Question
Complete the following proof. You may use an answer more than once.
Given: <1 and <2 are complementary; <1 = <4
Prove: <3 and <4 are complementary
1: <1 and <2 are complementary/ Given
2: m<1 +m<2= 90/
3: <1=<4/Given
4: m<1 = m<4/ Definition of congruence
5: <2=<3/
6: m<2=m<3/ Definition of congruence
7: m<4 + m<3=90/
Choices are
Definition of Supplementary angles
Definition of linear pair
Substitution
Vertical Angle Therorem
Definition of complementary angles
Given
Given: <1 and <2 are complementary; <1 = <4
Prove: <3 and <4 are complementary
1: <1 and <2 are complementary/ Given
2: m<1 +m<2= 90/
3: <1=<4/Given
4: m<1 = m<4/ Definition of congruence
5: <2=<3/
6: m<2=m<3/ Definition of congruence
7: m<4 + m<3=90/
Choices are
Definition of Supplementary angles
Definition of linear pair
Substitution
Vertical Angle Therorem
Definition of complementary angles
Given
Answers
GPT 3.5
The proof can be completed using the steps as follows:
1: <1 and <2 are complementary/ Given
2: m<1 +m<2 = 90/ Definition of complementary angles
3: <1 = <4/ Given
4: m<1 = m<4/ Definition of congruence
5: <2 = <3/ Substitution (using step 3)
6: m<2 = m<3/ Definition of congruence
7: m<4 + m<3 = 90/ Definition of supplementary angles
Therefore, by definition of supplementary angles, <3 and <4 are complementary.

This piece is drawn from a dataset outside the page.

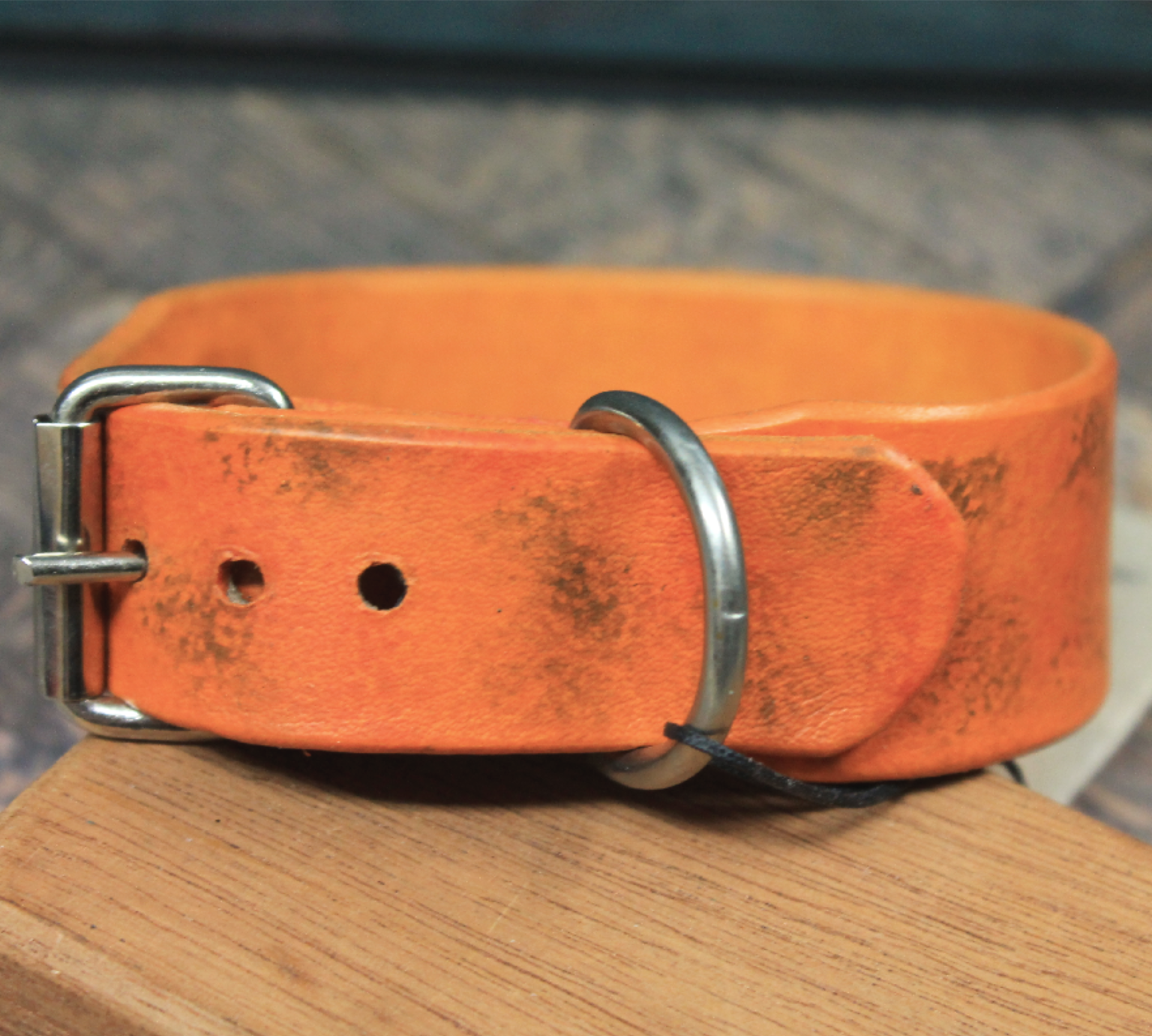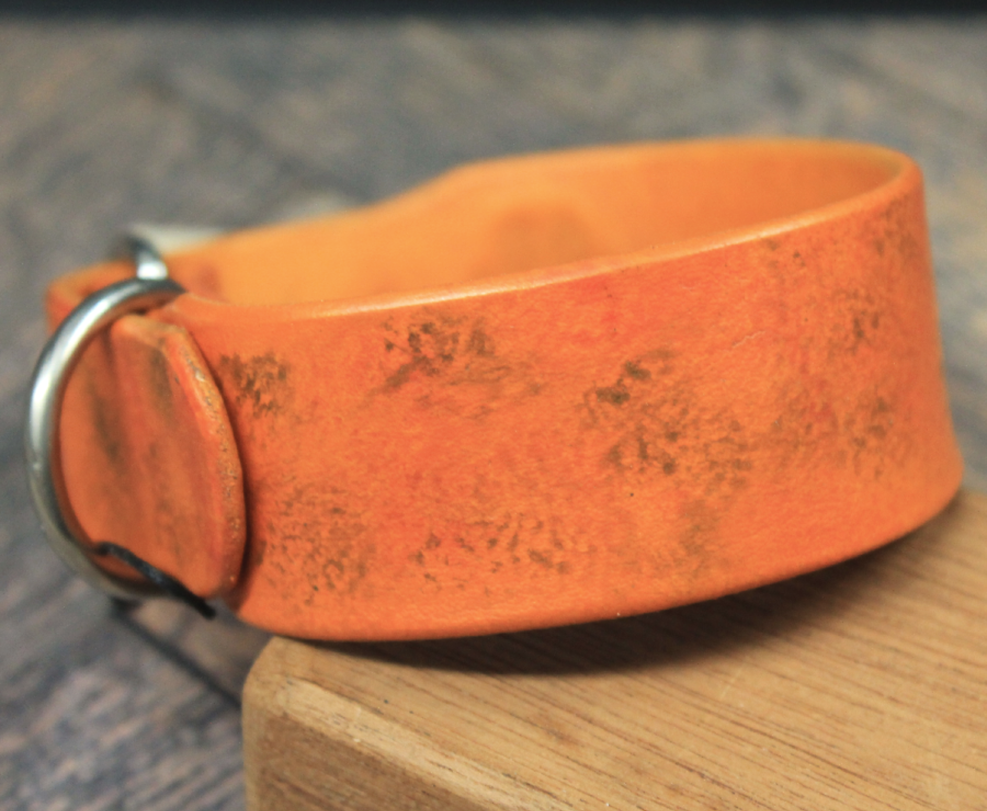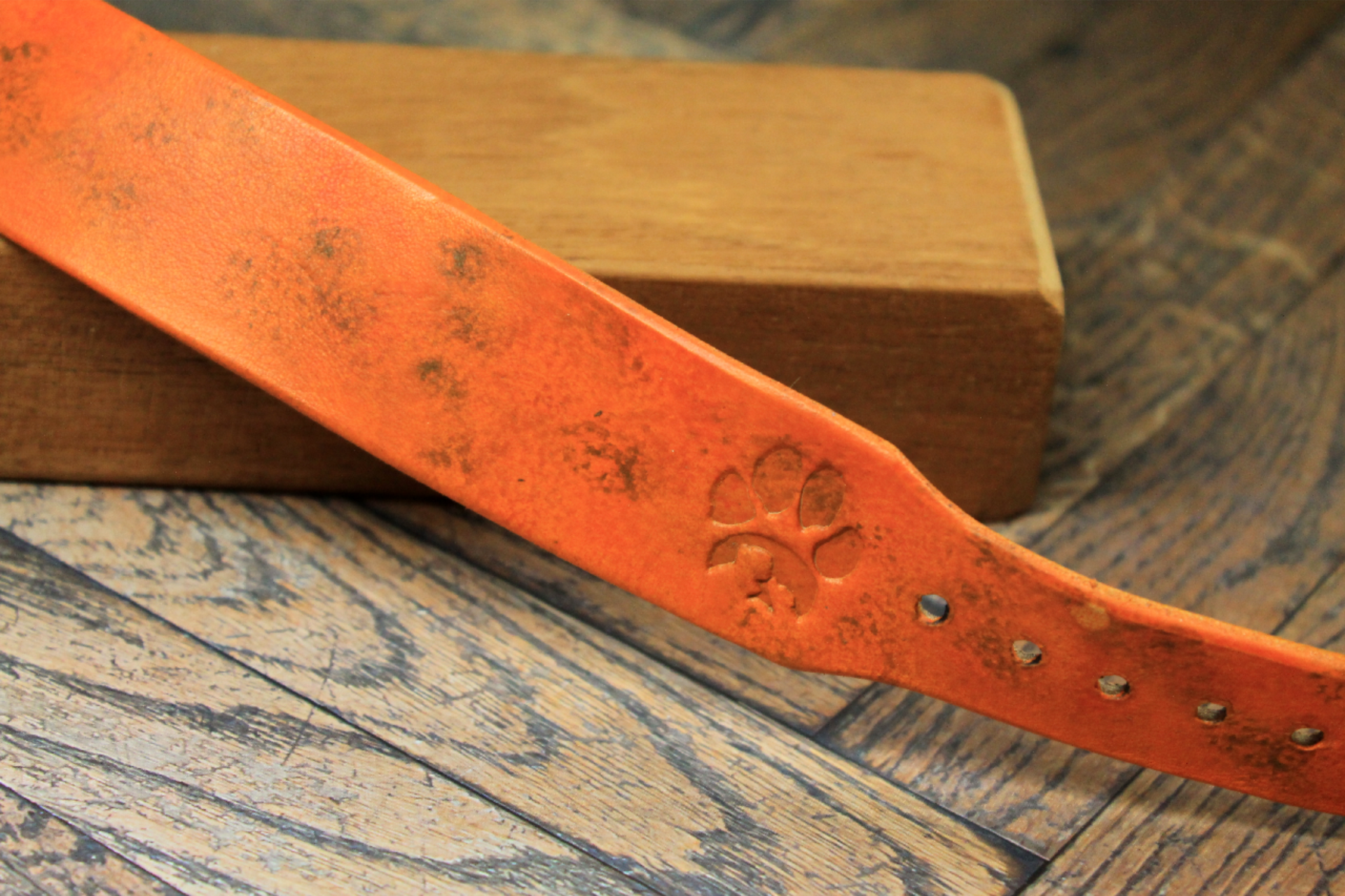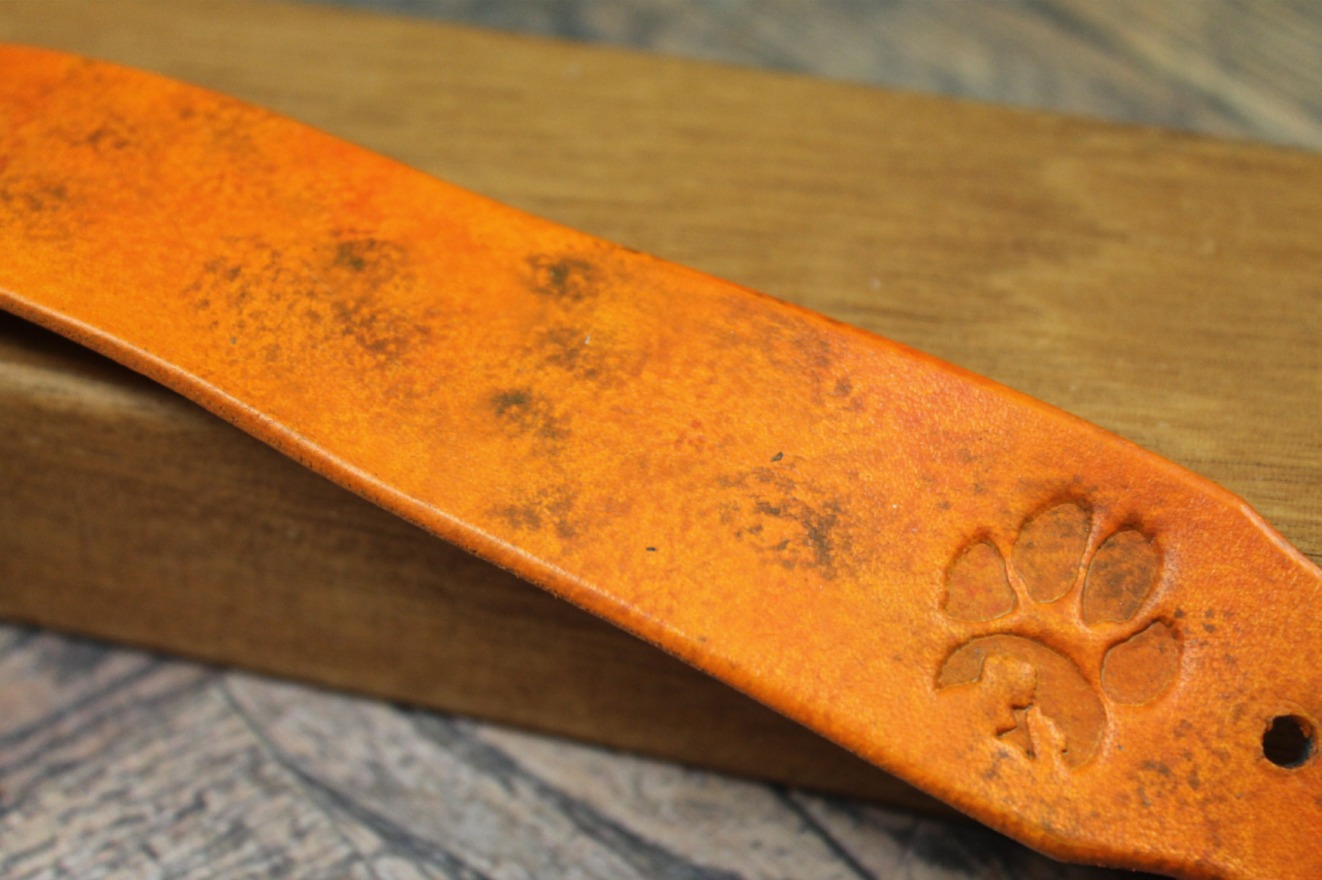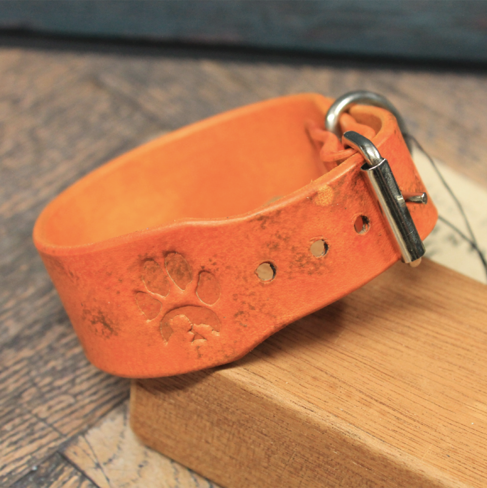 Halsbandet är handmålat med omsorgsfullt utvalda läderfärger för att skapa en djup och levande lyster. Den flammiga och naturliga ytan ger lädret en fantastisk karaktär och gör att varje halsband får sitt eget unika uttryck. Som en signatur för vårt hantverk bär halsbandet ett djupt präglat tassavtryck – en symbol för kärleken till våra fyrbenta vänner.

1: <1 and <2 are complementary/ Given
2: m<1 +m<2 = 90/ Definition of complementary angles
3: <1 = <4/ Given
4: m<1 = m<4/ Definition of congruence
5: <2 = <3/ Substitution (using step 3)
6: m<2 = m<3/ Definition of congruence
7: m<4 + m<3 = 90/ Definition of supplementary angles
Therefore, by definition of supplementary angles, <3 and <4 are complementary.